13 thoughts on “How to Set the F-Stop on a Camera for Any Photo”

    1. Glad you liked it, Lou. The Improve Photography team puts a lot of effort into helping people learn photography. We writers have benefited from the information here in our own photographic journeys and are happy to give back some of the knowledge we’ve gained here.

  1. When you change the shutter speed on a d3400 do you have to change the aperture and the iso, I am so confused.

    1. Hi Doris

      It’s not easy, is it? Photography can be complicated! When you take photographs, you can let the camera do everything for you (the Auto or Program modes). You can select one thing and let the camera do the rest (aperture priority & shutter priority). Or you can choose all the settings yourself (Manual). If you are in Auto, Program, Aperture Priority or Shutter Priority and you change one setting, the camera will take care of everything else. If you are in Manual mode, you may have to change other settings. Let’s say a good exposure is 1/125 second, f-11, ISO 100. If you want a faster shutter speed to freeze a bird in flight or a child running, you’d change the shutter speed to, for example, 1/250 second. You have just cut in half the amount of light getting to the sensor. So now your exposure is going to be dark. In Manual mode, you could change the f-stop from f-11 to f-8 (doubling the amount of light) and you’re back at a good exposure. If you’re in any of the automatic modes listed above, the camera does all this for you. As photographers get more experienced, they tend to want to make all these decisions themselves, so they shoot in Manual, Aperture Priority or Shutter Priority. Check out this article for some more information about how aperture, shutter and ISO work together: https://improvephotography.com/photography-basics/aperture-shutter-speed-and-iso/

  2. I have been an amateur photographer for 63 years and never had this explained so clearly. Thanks!

  3. “Each lens will be sharpest at a specific aperture, usually somewhere between f-5.6 and f-11.” But then there’s the f/64 club, the great landscape photographers like Ansel Adams and Edward Weston. Of course there lenses would stop all the way down to f/256 (I think) and that’s in part because of the film format they used. I wonder if f/64 with a 4×5 or 8×10 view camera is the is the equivalent of f/8 with a 35mm.
    All good information Frank. To me the bottom line is that anyone serious about photography should understand how to use their camera on manual so they understand the cause and effects of changing the various settings. One of the upsides to digital photography is the ability to change ISO without changing film (because there is no film, d’oh). If a photographer loves shooting at 1/500 of a second at f/8 and the sun is popping in and out or setting (or rising) they can raise or lower the ISO they are using to accommodate those settings.

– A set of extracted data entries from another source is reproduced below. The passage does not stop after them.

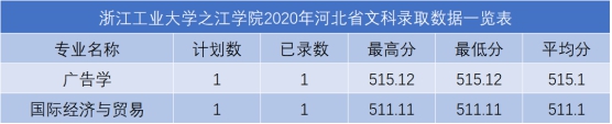 近日,我院2020年河北省普通类招生计划一次性圆满完成,计划招生10个,实际录取10个。其中,文史类计划招生2个,实际录取2个,广告学专业录取分515.12分;国际经济与贸易录取分511.11分。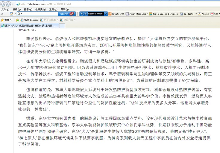 校长徐明稚看来,燃烧假人和燃烧模拟环境实验室的研制成功与该校“有特色、多科性、高水平大学”的办学理念密切相关。因为该系统综合运用了生物传热分析技术、材料改性技术、人机工程制造技术、传感器技术、燃烧工程和自动控制等技术,属于服装科学与生物物理学等交叉领域的尖端科技,而正是JKF 捷克论坛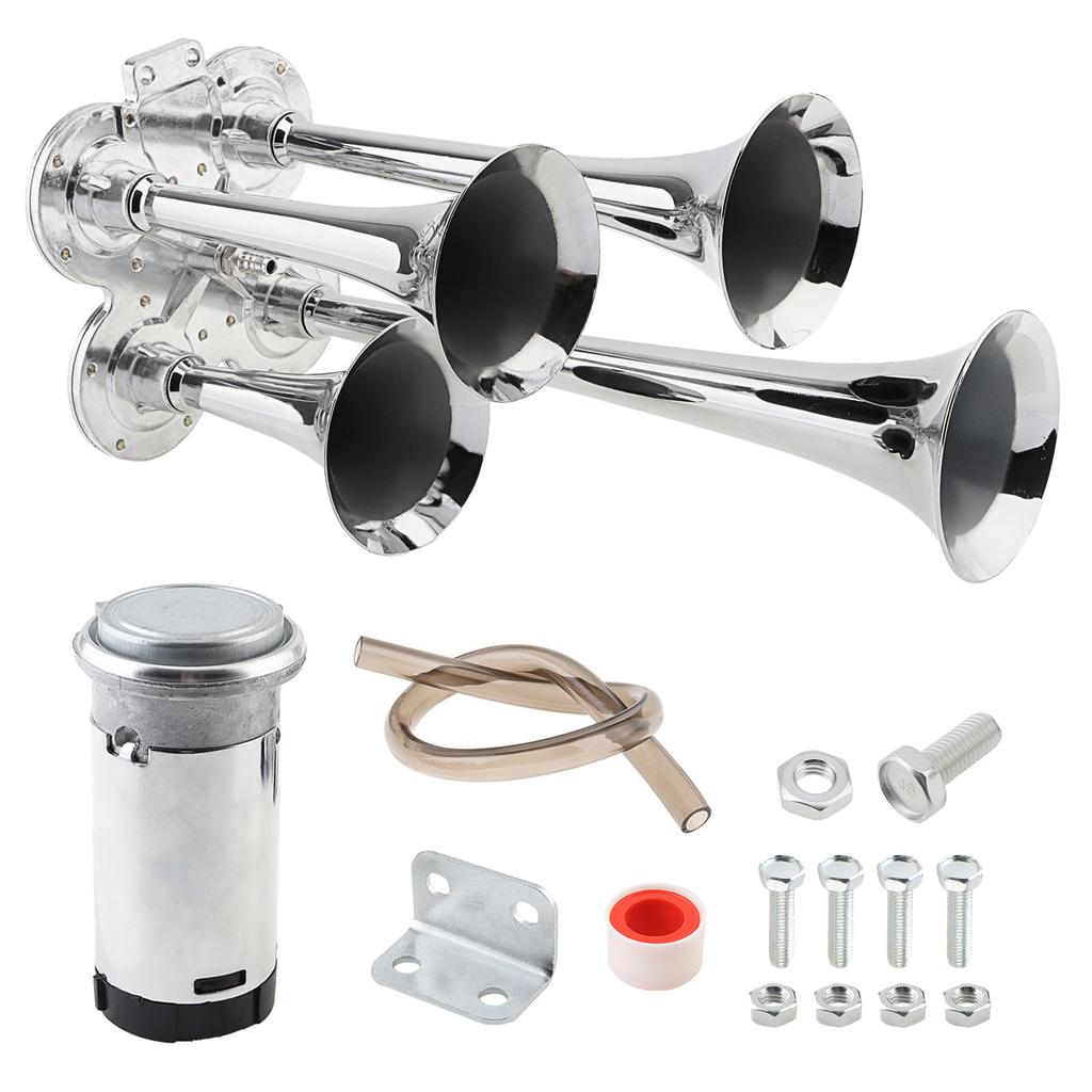 12V 185dB Four Trumpet Air Horn with Compressor - Silvery Musical Sound for Trucks / Cars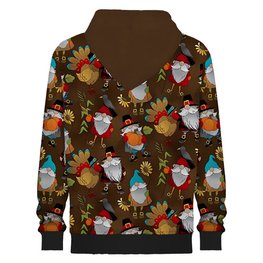 Santa Claus And Turkey Print Hooded Sweatshirt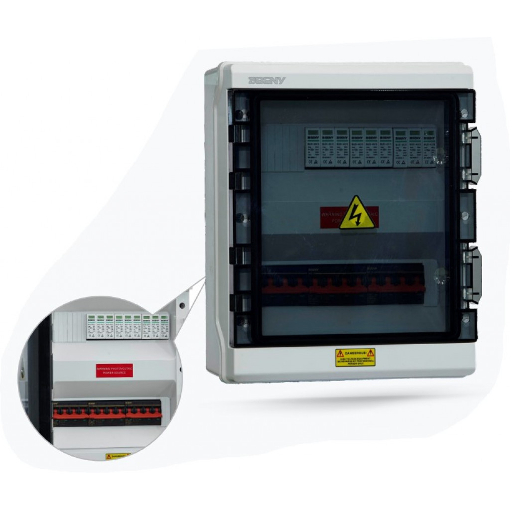 Dette er en høykvalitetsskap for å koble til inntil 3 strenger med solcellepanel. Disse strengene er overspennings- og overbelastningsbeskyttet, før de kobles videre til en inverter som evt. har inntil 3 strenger inn pr. tracker.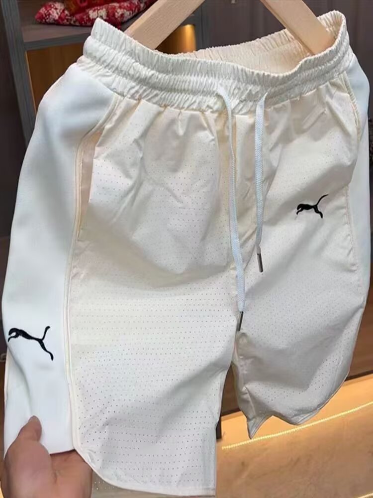 メンズショートパンツ夏新作アイスパンツトレンドカジュアル五分丈パンツ通気メッシュスポーツパンツビーチパンツ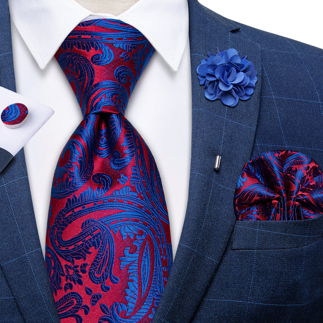 Red Blue Floral Silk Men's Necktie Handkerchief Cufflinks Set With Lapel Pin Brooch Set

    1. As you speculated, Jym, f-64 on an 8 x 10 view camera like Ansel Adams used is equivalent to f-8 on a 35mm camera (I looked it up). Also as you say, once people get serious about photography, most go full manual. Occasionally there are situations where shutter priority or aperture priority works but I probably shoot 95% in manual.

  4. Hi Frank, This is a much clearer explanation than I’ve seen in any photography book. Love the suggested ideal f-stops for various kinds of shots. I rarely use my “real” SLR since cellphone camera is so much handier, so I’ve gotten very rusty and tend to fall back on “auto” a lot, which feels lazy. Dumb question: my Canon Powershot SX40HS seems to make me choose just one mode. If I want monochrome, how do I also choose Av or M??

    PS Hi to Stefi!

    1. Hi Ann. Glad you like it. Without being able to play around with your camera and seeing the user’s guide, I can’t say if it’s possible to shoot in both monochrome and manual and I don’t know the Canon system well enough to hazard a guess. This kind of information is usually buried somewhere deep inside the user’s guide or sometimes isn’t mentioned at all. Somehow, we’re just supposed to intuit it. Stef says hi back at you!